IB Program In Pakistan Gaining Popularity: Dr. Leeanne Wootten
The IB program is becoming more popular in Pakistan and around the world, according to Dr. Leeanne Wootten, head of the career-related program (CP).
The IB program is becoming more popular in Pakistan and around the world, according to Dr. Leeanne Wootten, head of the career-related program (CP) of the International Baccalaureate in Pakistan.
“The CP is a framework for international education that embodies the values of the IB as a unique program and meets the needs of students,” Dr. Wootten said. According to Dr. Wootten, this program leads to higher education, apprenticeships, or employment.
The IB is an academic program that is viewed as a substitute for the Cambridge level and is also suitable for postgraduate studies, according to the CP program head. For students in primary, secondary, and postgraduate education, the IB offers various programs.
The Primary Years Program (PYP), which teaches arts, math, social studies, language, education, and science, is the first career-related program offered by the International Baccalaureate in Pakistan. Its leader, Dr. Wootten, said that it begins with the CP.
“Grades six and up are eligible for the Middle Years Program (MYP) and exhibition project. The five-year programme combines geography, history, math, and design in addition to the arts, sciences, learning a foreign language, and literature about people, society, and other cultures.

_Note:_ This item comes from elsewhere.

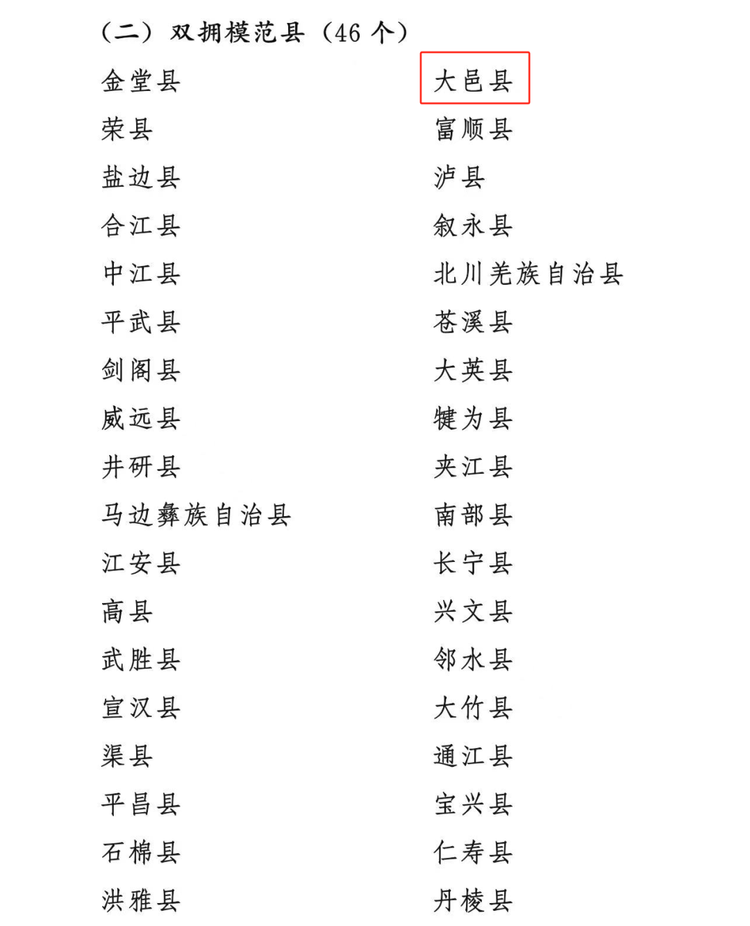 1月4日 中共四川省委 四川省人民政府 四川省军区 决定授予成都市等118个市(州)、县(市、区) “四川省双拥模范城(县、区)”称号 大邑县荣获第十二届四川省双拥模范县称号。   我县坚持以习近平新时代中国特色社会主义思想为指导,全面贯彻落实党的二十大精神,深入贯彻习近平总书记关于加强军政军民团结的重要论述和习近平总书记来川视察重要指示精神,牢固树立“以退役军人为中心”工作理念,坚持把双拥工作作为促进军政、军民团结的重要工程,扎实做好新时代双拥工作,为推进强国强军汇聚力量。    近年来,驻邑武警部队官兵参与大邑“8·20”等抢险救援、巡逻警戒3000余人次,民兵参与抗洪抢险1000余人次,执行巡逻警戒、交通管控、疫情防控等8000余人次。驻邑部队定点帮扶村、学校4个,帮扶困难户20余户,为群众修路、建房、助学等投入620余万元。12名现役军人担任国防教育辅导员,开展国防教育宣讲150余场、10万余人次,为四川电影电视学院、文轩职业技术学院等7所学校军训40余场、4万余人次。    全域拓宽优待赋能。打造拥军街、红色林盘、三线记忆展览馆等双拥示范点36个。扎实推进退役军人及“三属”特别优待,创建“邑路拥军”品牌,全县800余家旅游、餐饮、酒店等行业龙头企业加入优待行列,为军人及军属提供专属优待。金控置业集团(金融中心)提供商业铺面和写字楼9100平方米,对退役军人及亲属创业房租分区域实行“免三减二和免二减三”的优惠支持。5A级景区安仁古镇核心区刘氏庄园博物馆面向全国退役军人、三属免门票,建川博物馆对持优待证的游客实行与现役军人同等优待。2024年1月1日起,退役军人及“三属”持优待证可免费乘坐101路、102路、103路、104路、108路公交,我县优待证赋能工作走在全市前列。    兵支书、兵委员、退役军人党员下沉至143个村(社区)发挥作用,在基层治理中彰显责任担当,塑造出“邑起护童心”“政策法律进社区”等6项服务品牌,开展文明实践、国防教育、社会风险治理等10余项基层治理工作,常态化参与应急处突、消防培训、监测预防等突发公共事件演练,开展消防安全隐患排查、走访慰问、创文创卫等志愿服务超1000次,化解难点堵点120余件,基层治理服务总时长上万小时。

In contrast, students essentially learn how to create something that needs a computer algorithm in a design course. Dr. Wootten also provided information on CP, which is intended for students between the ages of 16 and 19.

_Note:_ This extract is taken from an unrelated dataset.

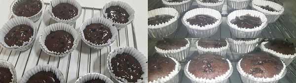 5. ตักใส่ถ้วยพิมพ์ที่เตรียมไว้ โรยหน้าด้วยช็อกโกแลตชิพ แล้วนำไปอบที่อุณหภูมิ 175 องศาเซลเซียส เป็นเวลา 25-30 นาที
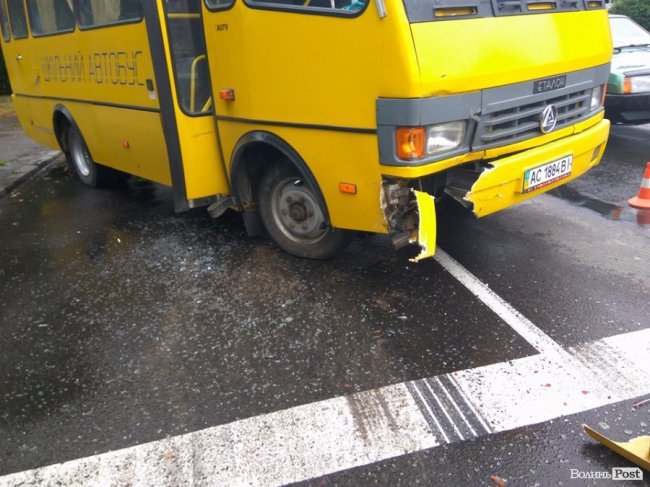 Шкільний автобус у Луцьку не розминувся з легковиком

“The CP is an international educational framework that combines the IB’s values with a special program designed to meet the needs of students pursuing career-related education. The program prepares participants for employment, apprenticeships, or higher education.” She believed that each of these programs was well known around the world.
All of these institutions are, in fact, international schools, whether or not their students are citizens of Pakistan. Currently, this curriculum is being tested in Pakistan, where counsellors are speaking with parents and asking about their children’s academic and career interests.

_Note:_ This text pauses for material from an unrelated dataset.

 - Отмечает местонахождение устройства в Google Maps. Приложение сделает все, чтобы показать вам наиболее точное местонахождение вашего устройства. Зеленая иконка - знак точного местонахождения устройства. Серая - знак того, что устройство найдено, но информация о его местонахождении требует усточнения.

Dr. Wootten stated that since they recently received authorization, it will take a few years for schools to respond by accepting the IB academic program. In the past, students could choose between taking O/A levels and the matriculation intermediate system. They can now choose the IB and enroll in either the CP or the Diploma Program (DP).
Speaking further about the acceptance of the IB program, she said, “At first, the Cambridge system took a long time to win support in this region, but eventually it became very well-liked in India and Pakistan. The IB is currently growing in popularity.
Dr. Wootten made the following statement in response to a question about the global trend of academic programs: “Cambridge system is much cheaper than the IB; it’s a program where students have to memorize and take an exam. Memory is the lowest form of learning in education, where you only memorize things for tests. “IB, however, is based on concepts rather than memories.
Universities are looking for students who can write, debate, participate in MUN (Model United Nations), enter competitions, help the less fortunate, and have other skills. For instance, two students applying to Canadian universities will notice that A-level students only have two courses, no volunteer opportunities, no extended essays, etc.
“When they contrast him with a DP student who has taken six classes, languages, extended essays, theory of knowledge, and volunteer work, they’ll always go with IB.” Students can gain professional and academic experience through career-related programmes, something that is not entirely covered in A-levels.